Software versioning is one of the key elements in software development. It supports constant development and improvement while making regular releases. In versioning, each release will get a unique version number that identifies the release. The version number tells the software product's release order (release history), how big changes have been made since the previous release, and when each version was released.

On Amiga, the version number is divided in two sets of numbers separated by a point. The leftmost number is the major version number, and the rightmost number is the revision number that indicates a minor change. For example, the very first version is 1.1: the first revision of the first version.

The revision number should be increased when a program gets a minor update, i.e. when the added functionality does not break the program's backward compatibility.

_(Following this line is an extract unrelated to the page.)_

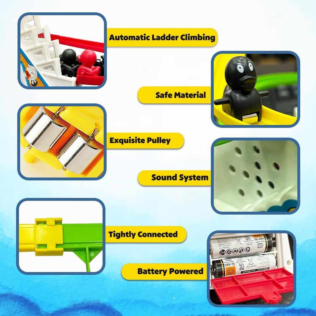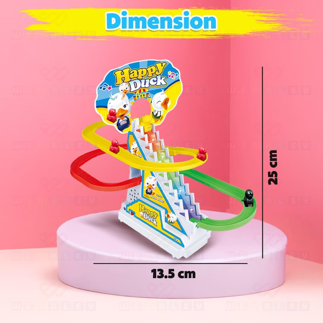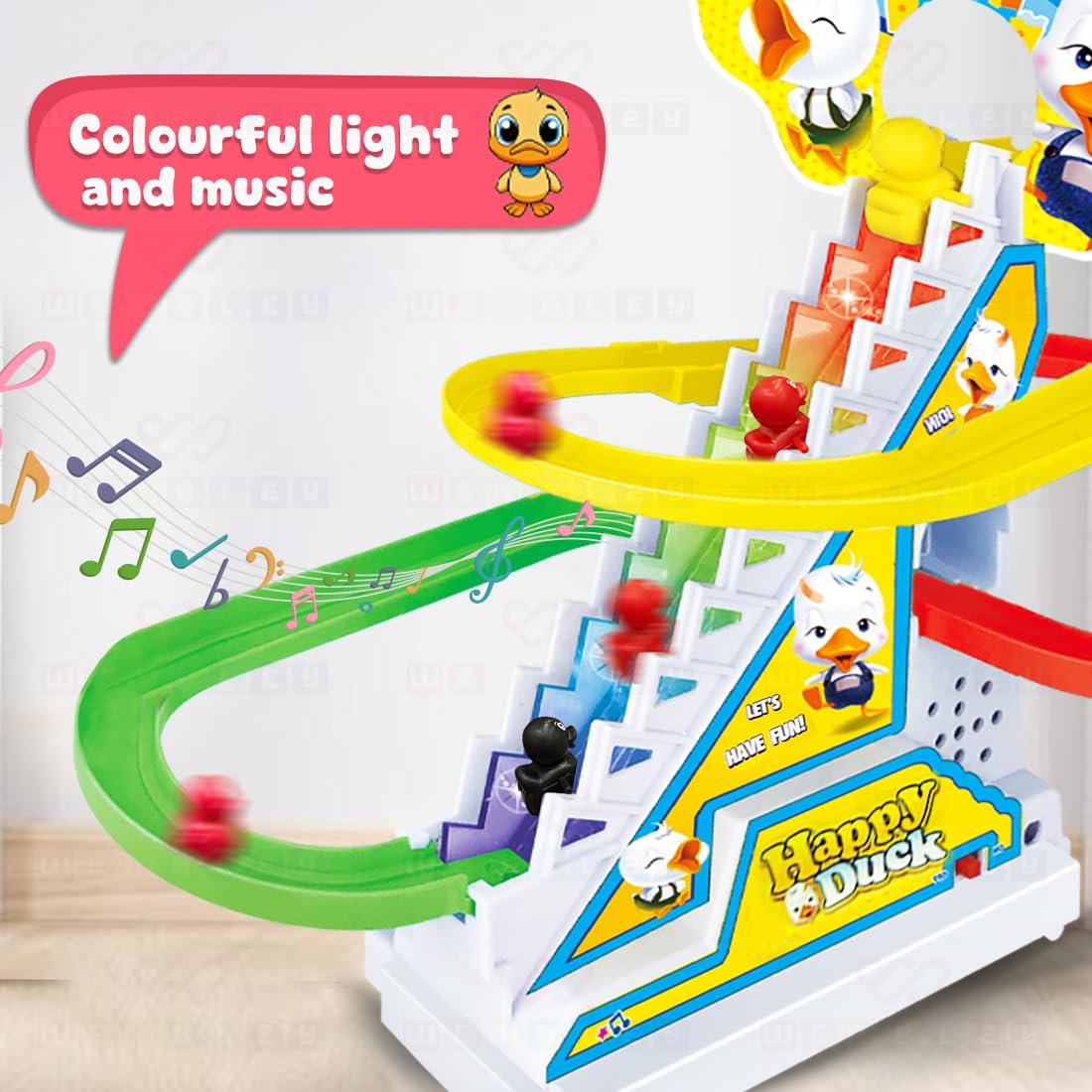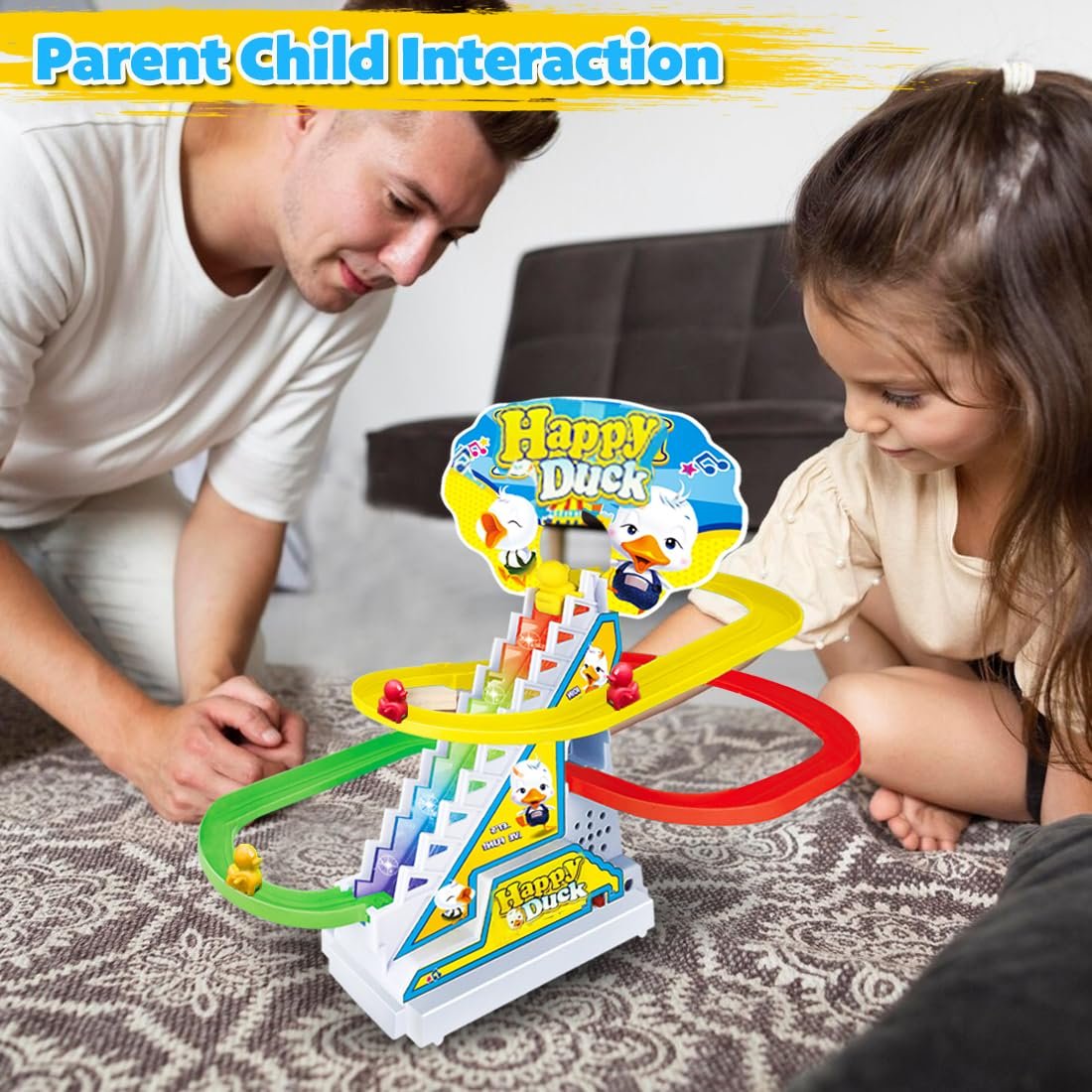 AUTOMATIC STAIR-CLIMBING MECHANISM: The toy features a smart escalator-like mechanism that effortlessly lifts the ducks to the top of the stairs. Kids will be fascinated by the automatic movement, which mimics the function of an escalator, keeping them engaged as they watch the ducks slide down and repeat the cycle.

When incompatible changes are made, the program has received a major update and its major version number should be increased.

For example, releasing two minor updates bumps the version number up as follows: 1.11.21.3. Making a new edition increases the major version number and resets the revision number. Thus after two minor and one major update, the version history looks like this:

1.1 (the first version)
1.2 (1st minor update)
1.3 (2nd minor update)
2.1 (major update)

The version information is embedded in a program as a text sequence called a version string. The format of this text sequence is:

$VER: <name> <version>.<revision> (<dd>.<mm>.<yyyy>)
<name>
The name of your application
<version>
Major version number
<revision>
Minor revision number
<dd>
Day when the application was created
<mm>
Numeric month when the application was created
<yyyy>
Year when the application was created
Example

The first version of application MyApplication that was released on 15th of July 2023:

$VER: MyApplication 1.1 (15.07.2023)

Using version strings is not restricted to applications. They can and should be used in libraries, devices, scripts, data files, etc.